Shasta is not just a drink

One of the main attractions around the Shasta area for us was Mount Shasta. I had heard various feedback on this mountain: it was a dormant volcano, it was a place of spiritual healing, it was majestic. I also know that I drank Shasta soda at some point when I was growing up.

Traveling with Umma and Apa provided me with insight into their idiosyncrasies. Apa doesn’t say much while I drive. I don’t know if he’s bored or content. Uma on the other hand, is quite engaged. When she senses potential danger (i.e., a car next to us changes lanes), she braces herself and grips the door handle.

Before heading on to I5, I stopped by the local gas station to wash the dead bugs off the windshield. I didn’t fill up since I had 145 miles left to go in the tank. Umma asked why I didn’t get fuel because she was sure the gas station owners were hoping I would buy gas.

We got onto I5 and drove 45 miles the little town near Mount Shasta. I saw a sign that read, “Mount Shasta 14 miles.” We meandered along the road and eventually saw the official national park sign that welcomed us to Shasta-Trinity National Forest.

The Touareg hauled up the road. My ears popped, Butters slept in the back and Umma started her intermittent handle-gripping exercise. Apa was silent in the backseat.

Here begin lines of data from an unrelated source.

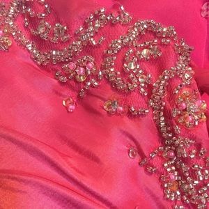 Bright pink, mermaid fit, strapless, corset back. Gorgeous beading detail. Worn once.
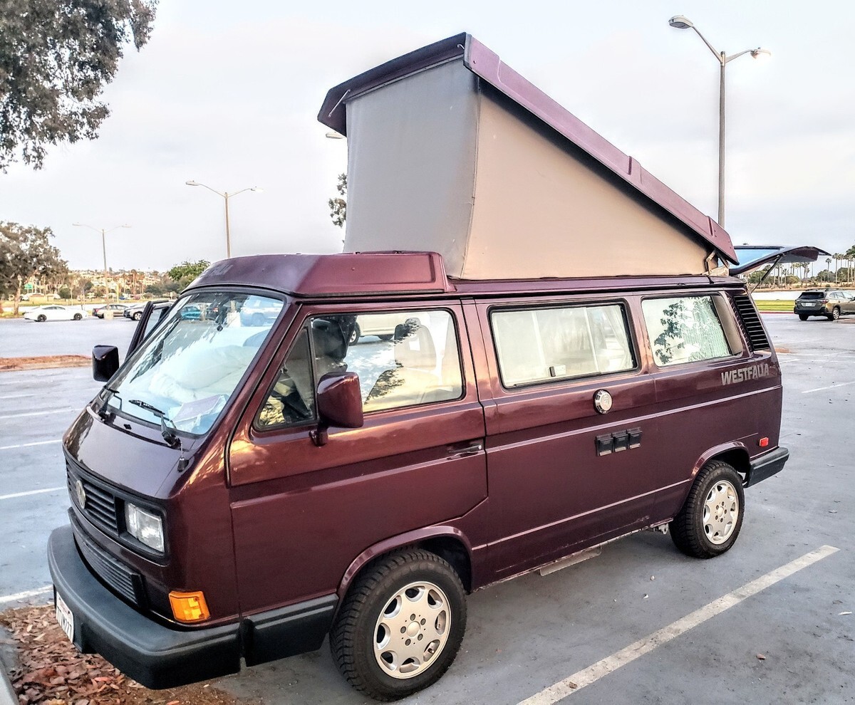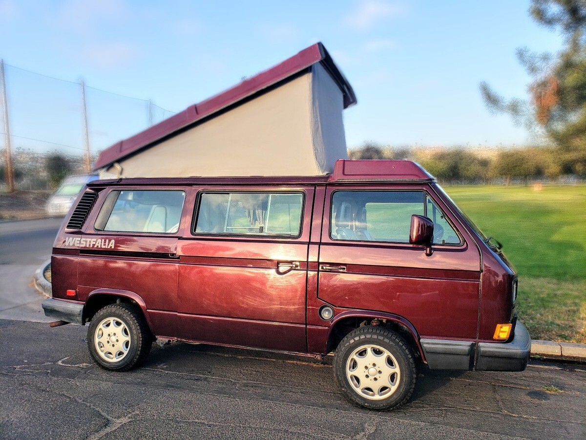 90 VW Full Camper Westfalia. Rare Automatic Transmission. I've had the priveledge of loving and caring for Ruby for 10 years. She runs great and we've enjoyed many adventures throughout the Southwest. Vehicle Details Up for adoption is my beloved Ruby. She runs and looks great. Original time capsule. Everything kept original whenever possible. Automatic Transmission. Always passes CA Smog without issue. Message for link to photo album. These iconic vans continue to appreciate in value which is fantastic for owners compared to most vehicle's depreciation schedules. Vanagon Westfalias won many awards and are acclaimed as the best layout and roomiest camper van ever available. The versatility is unmatched with 8ft plus head room when you need it and stealth mode when required. Both front seats swivel and 2 tables swing where needed and easily stow when not in use. The rear table's custom solution allows access to horizontal cupboards while in any position. The rear bench easily folds to a bed which is even more comfy with the custom topper and matching down full set up. The AC compressor was removed (included) as these AC systems did not come equipped with dash blowing cooling and were very finicky and never effective. The removable face Kenwood stereo with remote worked and when I bought in 2010, but I perfer silence and have not used it since. It is all included as well as the owners manual. The new vinyl tent canopy top upgrade was installed just before I it, but is still in perfect condition. A water tight durable option over absorbant cloth tops with zippers and screens. Top skylight provides adaquate ventilation. All upolstry is in great condition besides one minor light mark on bench seat as noted in picture. See "seller's notes" section for minor exterior cosmetic items that you may want to fix, or just keep an eye on. Thoughtfully added many storage solutions without piercing her. Everything essential for use organized well for efficient use of space and accessibility. My "perfect fit wins" discovered from my 25yr love affair with Bessie (my 85 Westy) have been shared with Ruby. The top bed is included but currently removed for custom storage solution, great for clothes. Four additional collapsable storage cubes for clothes, shoes and gear that fit perfectly in many areas of Ruby including under fold down seat, on top of closed stove counter, front wheel wells and seats and behind bench seat. Rear tailgate has custom solution that allows airflow while being locked. Solar panel solution folds out and is concealed in recessed luggage rack on top. Set of glass jars and containers that fit perfectly in cupboards to maximize storage space and provide easy slide out access. Fridge works great and also has perfectly fit set of glass jars. Motion sensor lights in cupboards and fridge for easy access anytime of day (without holes made in cabinetry). Memory foam topper for bed as well as cover, sheets, down comforter, pillows and cases with everything matching interior. Old school Club for steering wheel as well as kill switch for security. Stove works great and comes with pot and pan that fits perfectly into sink for stowage. Custom cube for storage of matching trash can, spring water, rinsing squirt bottle and cleaning squirt bottle of vinegar and water, bags and rags. Matching storage bag that perfectly fits in roof top cargo hold and bungees to secure. Custom heat and privacy shades for front and back windows as well as original curtains all the way around in great condition. Secure ceiling hooks installed without piercing for hanging produce bags, bannanas, hats, etc. Matching shopping bags that fit perfectly in driver's door cubby. |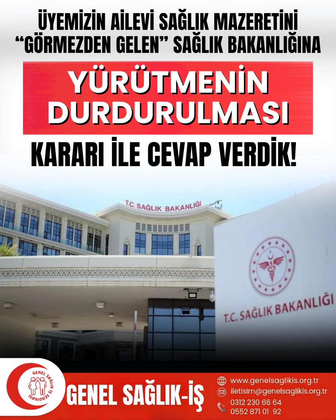 ÜYEMİZİN AİLEVİ SAĞLIK MAZERETİNİ “GÖRMEZDEN GELEN” SAĞLIK BAKANLIĞINA

As the road narrowed, I could see we were high…really high and there was no rail to keep us from falling off the side of the mountain. As I was thinking this horrendous thought, Umma said, “In Korea, during my trip [in October], we all went up a very tall mountain outside of Seoul. There was a one-way road that tour buses had to share. The buses were timed. If one was going up the mountain at a scheduled time, the other knew to stop and wait for the oncoming bus to pass.” Umma continued in Korean. “There were no guard rails and the bus drivers were driving up the winding narrow road so fast, I got car sick. I thought we were all going to fall off the mountain.”

With this story and the subsequent visual it conjured up of unmentionable disasters, my palms started to sweat. I was also concerned about how much gas I had left. When I checked, it read, “60 miles.” As I was trying to remember how much we had climbed, Umma asked me if I had enough gas. The combination of Umma’s story about stressed out bus drivers in Seoul, and the Touareg running out of fuel and the increasing elevation, made me grip the steering wheel harder and my heart skipped a few beats.

Umma looked over at the navigation system and saw the curvy road ahead. She said it looks like we’re heading into no man’s land and asked about the fuel again. And this made me think about the poor bus drivers in Seoul, driving up and down steep and narrow roads all day long, on high alert, averting danger…I asked Apa, “How much longer do I have to drive?” Apa had been to Shasta many years ago so I hoped he had an answer to put me at ease.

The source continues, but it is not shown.